▸ **WHAT NEEDS TO BE DONE**
All that is wanted is the lines from the first line of the listing below through the line containing "2 por $200 🇲🇽", written out exactly with pictures left out.

▸ **INPUT**
§

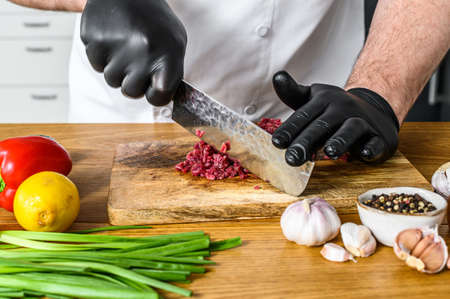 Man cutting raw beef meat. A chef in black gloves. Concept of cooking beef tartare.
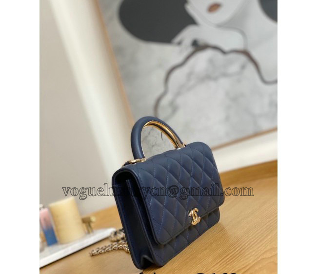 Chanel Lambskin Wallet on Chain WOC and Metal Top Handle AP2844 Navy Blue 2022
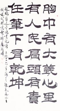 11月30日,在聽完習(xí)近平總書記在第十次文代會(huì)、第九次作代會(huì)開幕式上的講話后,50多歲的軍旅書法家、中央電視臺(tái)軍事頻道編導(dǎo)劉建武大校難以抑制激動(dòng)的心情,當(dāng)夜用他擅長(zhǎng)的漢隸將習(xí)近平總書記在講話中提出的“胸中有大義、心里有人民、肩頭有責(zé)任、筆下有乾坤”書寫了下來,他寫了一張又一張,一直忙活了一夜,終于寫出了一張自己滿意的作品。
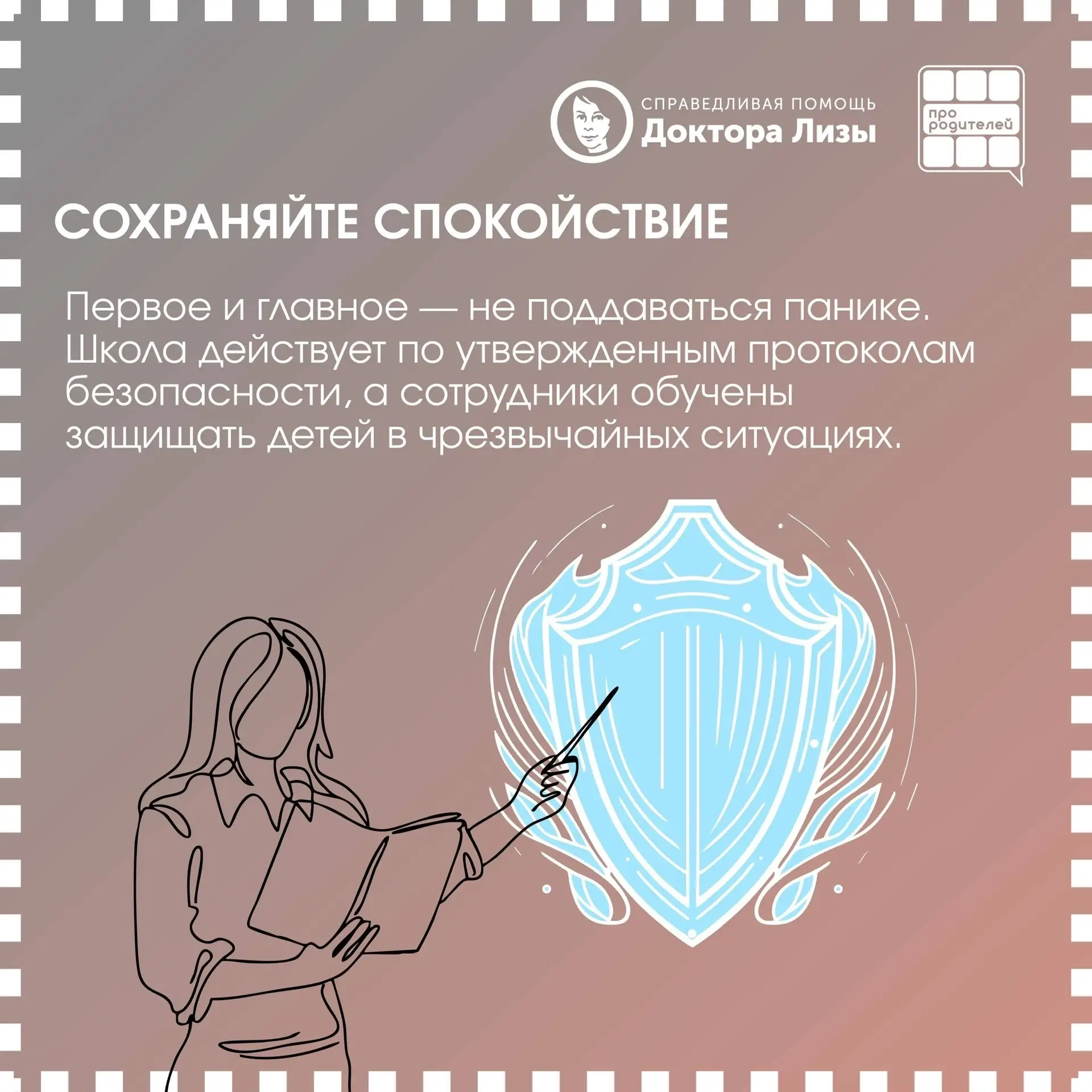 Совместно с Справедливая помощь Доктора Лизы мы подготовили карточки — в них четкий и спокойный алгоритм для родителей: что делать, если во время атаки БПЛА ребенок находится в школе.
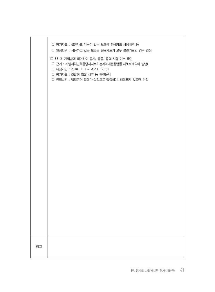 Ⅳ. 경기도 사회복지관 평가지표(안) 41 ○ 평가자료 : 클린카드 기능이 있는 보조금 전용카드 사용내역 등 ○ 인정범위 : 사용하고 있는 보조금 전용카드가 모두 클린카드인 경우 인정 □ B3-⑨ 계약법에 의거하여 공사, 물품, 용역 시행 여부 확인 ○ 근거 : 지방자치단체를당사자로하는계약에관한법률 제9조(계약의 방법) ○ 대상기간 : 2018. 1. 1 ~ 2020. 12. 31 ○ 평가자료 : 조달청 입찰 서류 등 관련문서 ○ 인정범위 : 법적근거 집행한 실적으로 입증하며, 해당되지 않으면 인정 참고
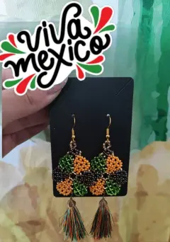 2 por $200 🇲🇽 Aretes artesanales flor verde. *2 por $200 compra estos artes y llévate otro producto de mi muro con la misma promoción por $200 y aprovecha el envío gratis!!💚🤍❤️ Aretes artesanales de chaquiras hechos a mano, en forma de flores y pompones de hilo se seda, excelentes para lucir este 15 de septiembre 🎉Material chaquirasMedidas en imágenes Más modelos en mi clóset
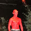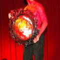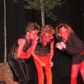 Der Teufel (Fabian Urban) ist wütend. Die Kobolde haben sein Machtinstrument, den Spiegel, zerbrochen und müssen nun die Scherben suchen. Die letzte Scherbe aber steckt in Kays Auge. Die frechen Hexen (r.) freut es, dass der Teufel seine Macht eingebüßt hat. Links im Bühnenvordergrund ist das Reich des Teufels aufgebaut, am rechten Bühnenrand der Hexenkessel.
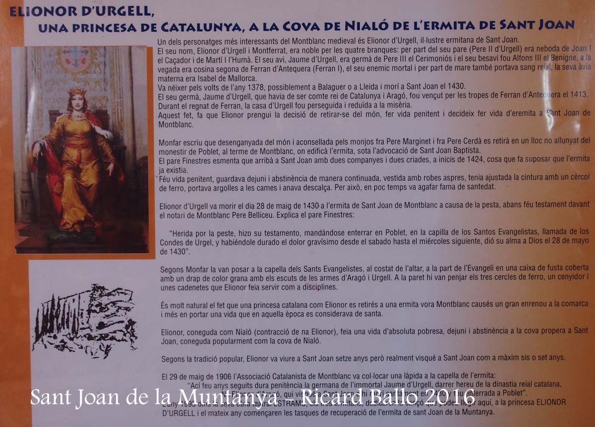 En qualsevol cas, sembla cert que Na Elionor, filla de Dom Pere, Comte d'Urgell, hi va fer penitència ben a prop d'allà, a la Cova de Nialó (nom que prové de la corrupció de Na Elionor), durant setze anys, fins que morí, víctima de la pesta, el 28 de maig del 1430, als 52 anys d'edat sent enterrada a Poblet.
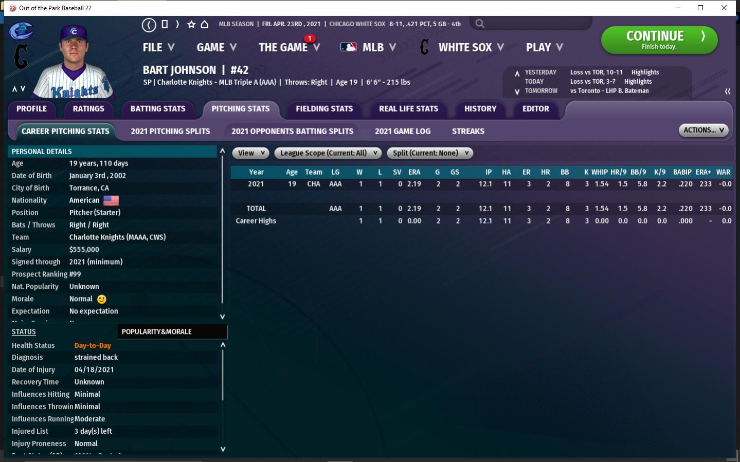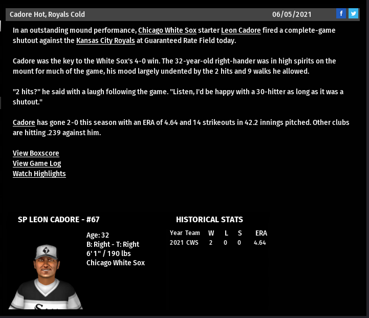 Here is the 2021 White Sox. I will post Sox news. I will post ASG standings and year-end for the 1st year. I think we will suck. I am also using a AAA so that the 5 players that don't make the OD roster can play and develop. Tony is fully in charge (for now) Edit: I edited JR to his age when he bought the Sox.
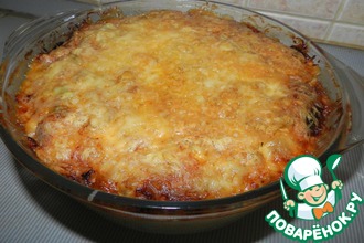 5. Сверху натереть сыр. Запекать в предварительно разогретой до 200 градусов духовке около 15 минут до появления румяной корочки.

§

▸ **RESULT FOR THIS TASK**
 Man cutting raw beef meat. A chef in black gloves. Concept of cooking beef tartare.
 Chanel Lambskin Wallet on Chain WOC and Metal Top Handle AP2844 Navy Blue 2022
 11月30日,在聽完習(xí)近平總書記在第十次文代會(huì)、第九次作代會(huì)開幕式上的講話后,50多歲的軍旅書法家、中央電視臺(tái)軍事頻道編導(dǎo)劉建武大校難以抑制激動(dòng)的心情,當(dāng)夜用他擅長(zhǎng)的漢隸將習(xí)近平總書記在講話中提出的“胸中有大義、心里有人民、肩頭有責(zé)任、筆下有乾坤”書寫了下來,他寫了一張又一張,一直忙活了一夜,終于寫出了一張自己滿意的作品。
 Совместно с Справедливая помощь Доктора Лизы мы подготовили карточки — в них четкий и спокойный алгоритм для родителей: что делать, если во время атаки БПЛА ребенок находится в школе.
 Ⅳ. 경기도 사회복지관 평가지표(안) 41 ○ 평가자료 : 클린카드 기능이 있는 보조금 전용카드 사용내역 등 ○ 인정범위 : 사용하고 있는 보조금 전용카드가 모두 클린카드인 경우 인정 □ B3-⑨ 계약법에 의거하여 공사, 물품, 용역 시행 여부 확인 ○ 근거 : 지방자치단체를당사자로하는계약에관한법률 제9조(계약의 방법) ○ 대상기간 : 2018. 1. 1 ~ 2020. 12. 31 ○ 평가자료 : 조달청 입찰 서류 등 관련문서 ○ 인정범위 : 법적근거 집행한 실적으로 입증하며, 해당되지 않으면 인정 참고
 2 por $200 🇲🇽 Aretes artesanales flor verde. *2 por $200 compra estos artes y llévate otro producto de mi muro con la misma promoción por $200 y aprovecha el envío gratis!!💚🤍❤️ Aretes artesanales de chaquiras hechos a mano, en forma de flores y pompones de hilo se seda, excelentes para lucir este 15 de septiembre 🎉Material chaquirasMedidas en imágenes Más modelos en mi clóset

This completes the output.